Misc.educated was the public debut for a majority of us as artists at Lewis & Clark, as well as artists of Portland,” Cedar Jocks ’15 said. “It was of significant weight for our class, as it showcased the culmination of skills we’ve gleaned from Lewis & Clark.”

Each spring, Lewis & Clark’s graduating artists fill the on-campus Ronna and Eric Hoffman Gallery of Contemporary Art with senior projects. Misc.educated expanded upon that tradition by not only exposing participants’ work to a wider audience, but also involving them in all parts of the preparation process.

“Students learned how to organize and curate an exhibit, which meant installing art, making a catalog, and handling publicity in addition to long hours spent in the studio,” Assistant Professor of Art Jess Perlitz said. “It is hard but important work, integral to success in a studio art major and to life after graduation.”

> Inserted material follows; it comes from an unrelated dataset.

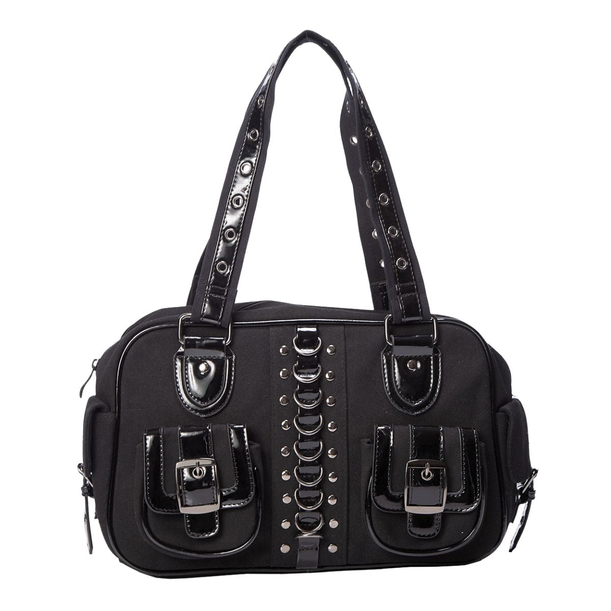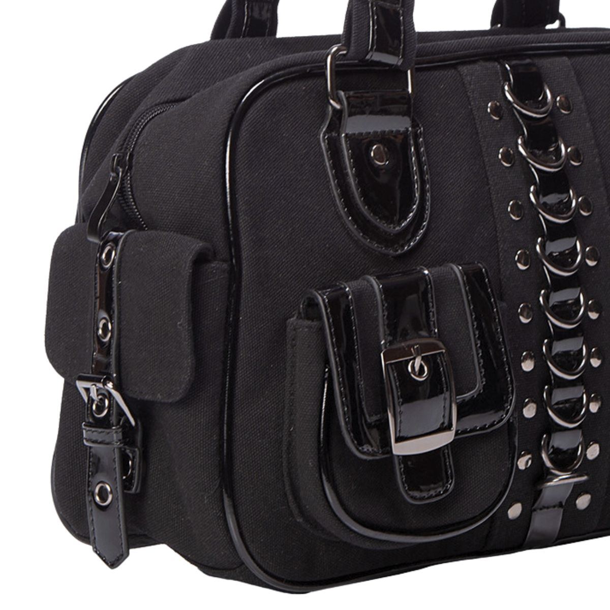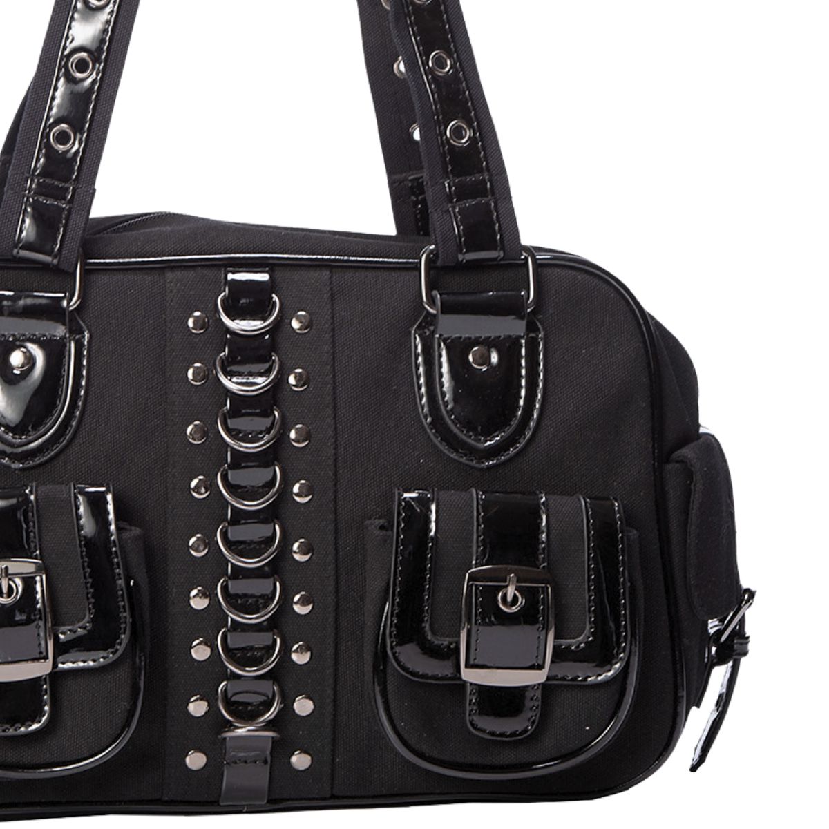 This striking rivet shoulder bag is the perfect everyday carry. Featuring bold D-rings, secure buckle straps, and spacious pockets for your essentials. Crafted from high-gloss vegan leather and durable canvas, it’s sized just right for your medium-sized must-haves.

Liz Finch ’15 agrees. “The experience of exhibiting work outside of the Lewis & Clark community has driven me to produce especially thoughtful work,” she said. “It has given me clarity about the direction of my thesis, and of my continued artistic practice.”

With hundreds of attendees, Misc.educated successfully brought student work into the consciousness and conversation of a new, general public.

“It felt surreal to see my art on the wall of a gallery in such an artistically inclined city,” Brigitte Russo ’15 said. “My art reflects my heritage, and it was great to share something so close to my heart with so many viewers.”

Katrina Staaf ’16 contributed to this story.